● **Collected material**
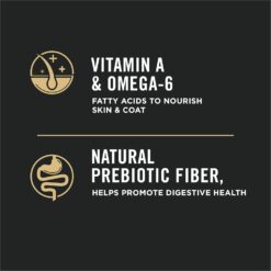 - Vitamin A and omega-6 fatty acids to nourish skin and coat. Natural prebiotic fiber for dogs helps deliver digestive support
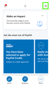 - Once you are in the PayPal App, select the gear in the top right corner (to go to Settings)
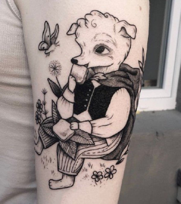 可爱的一组黑灰童趣动物单线纹身作品图案

● **What you have to do**
The range to set down runs from the line containing "- Once you are" through the final line of the data, both ends included; give it exactly and drop the pictures.

● **Answer space**
 - Once you are in the PayPal App, select the gear in the top right corner (to go to Settings)
 可爱的一组黑灰童趣动物单线纹身作品图案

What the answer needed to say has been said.